| Summary: | 博士 === 國立中央大學 === 土木工程學系 === 102 === The key point of accurate and precise application of Global Navigation Satellite Systems is how to obtain integer carrier phase ambiguity correctly and efficiently.
One of the ways to solve the ambiguity resolution problem is ambiguity searching technique with an ambiguity decorrelation technique. Traditionally, an integer-valued limitation of the transformation matrix of decorrelation technique ensures the integer characteristic of candidates existing after the inverse transformation, but it also makes the decorrelation imperfect.
A zero correlation domain or a complete diagonalization covariance matrix could be obtained by the using float transformation matrix. A space in this domain will be used as a threshold, hence the zero correlation domain is called threshold domain. The number of ambiguity candidates based on integer transformation could be reduced through the proposed ZETA method.

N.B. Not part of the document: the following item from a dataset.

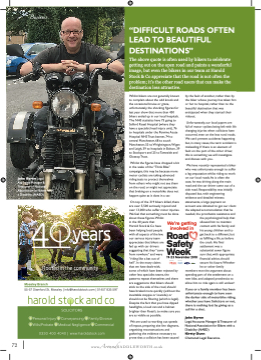 Business “DIFFICULT ROADS OFTEN LEAD TO BEAUTIFUL DESTINATIONS” The above quote is often used by bikers to celebrate getting out on the open road and paints a wonderful image, but even the bikers in our team at Harold Stock & Co appreciate that the road is not often the problem; it’s the other road users that can make the destination less attractive. John Byrne Legal Accounts Manager & Treasurer of National Association for Bikers with a Disability (NABD) Whilst bikers are not generally known to complain about the odd knock and the occasional bruise or graze, unfortunately, the shocking fifigures for last year show that more than 450 bikers ended up in our local hospitals. The NHS statistics have 75 going to Salford Royal Hospital (where they have a specialist head injury unit), 76 to hospitals under the Pennine Acute Hospital NHS Trust banner, 74 to central Manchester, 68 to south Manchester, 53 to Wrightington,Wigan and Leigh, 39 to hospitals in Bolton, 39 to Stockport and 25 to Tameside and Glossop Trust. Whilst the fifigures have dropped a bit in the wake of the “Think Bike” campaigns, this may be because more motor cyclists are taking advanced riding tests to protect themselves from others who might not see them on the road, or might not appreciate that braking on a motorbike does not happen quite as it does in a car. On top of the 319 bikers killed, there are over 5,500 seriously injured and over 13,000 who suffer minor injuries. We feel that something must be done about these fifigures.Whilst by the fault of another, rather than by the biker whose journey has taken him or her to hospital, rather than to the beautiful destination that was anticipated when they started their rideout. Unfortunately, our local papers are full of motor cyclists being left with life changing injuries when collisions have occurred, even on the less rural roads. We can’t prevent accidents happening but, in many cases, the term accident is misleading. If there is an element of fault on the part of the other driver, this is something we will investigate and discuss with you. We have recently represented a biker who was unfortunate enough to suffer a leg amputation whilst riding to work on our local roads.As is often the case, he was driving along the main road and the car driver came out of a side road. Responsibility was initially disputed but, with engineering evidence and detailed witness statements, a large payment on account was obtained to get our client the adapted accommodation that he needed, the prosthetics assistance and Rooted in the community Mossley Branch 55-57 Stamford St, Mossley | info@haroldstock.com | 01457 835 597 members won the argument about spending part of the settlement on a new bike, and adapted prosthetics to allow him to ride again is still unclear! If you or a family member has been unfortunate enough to have seen the darker side of motorbike riding, whether you have Solicitors or not, there is nothing lost by giving us a call for a chat. John Byrne Legal Accounts Manager & Treasurer of National Association for Bikers with a Disability (NABD) Kirsty Dunn Chartered Legal Executive. harold st Moss_80x100.indd 1 ck and co 72 www.AroundSADDLEWORTH.co.uk 20/06/2018 14:12 in the 40 years that Harold Stock & Co have been helping local people with all aspects of the law, our serious injury team appreciates that bikers are fed up with car drivers suggesting that they “came from nowhere” and were “riding like a bat out of hell”. In the many claims that we have dealt with, some of which have been rejected by other less specialist teams, the patterns repeat themselves and there are suggestions that bikers should stick to the side of the road, should have braked more quickly (without the inevitable stoppie or lowside) or should not be fifiltering (which is legal). Despite the fact that you have dipped headlights, a loud can and a helmet brighter than Rossi’s, to make sure you are as visible as possible. We are used to working out speeds of impact, preparing site line diagrams, organising reconstructions and gathering the evidence necessary to prove that a collision has been caused We’re getting involved in the psychological help that allowed him to maintain contact with his family and his young children and to get back to a different, but as fulfifilling a life, as before the crash. His fifinal settlement was a substantial seven fifigure sum that, with appropriate fifinancial advice, should secure his future.Whether he or other family Road Safety Week 19-25 November 2018 Coordinated by Brake the road safety charity Sponsored by

ZETA might reject all of candidates and make the ambiguity resolution being no solution. In this research, the partial ambiguity resolution is used to cope with this situation. Partial ambiguity resolution allows some of the resolved of ambiguities to be float-valued ones. A candidate will be easier to pass the threshold with some of ambiguities being solved as float solutions.
The experiments in this paper prove that the method could make the ambiguity resolution become more efficient without decreasing the accuracy. The success rate could also be improved by proposed method.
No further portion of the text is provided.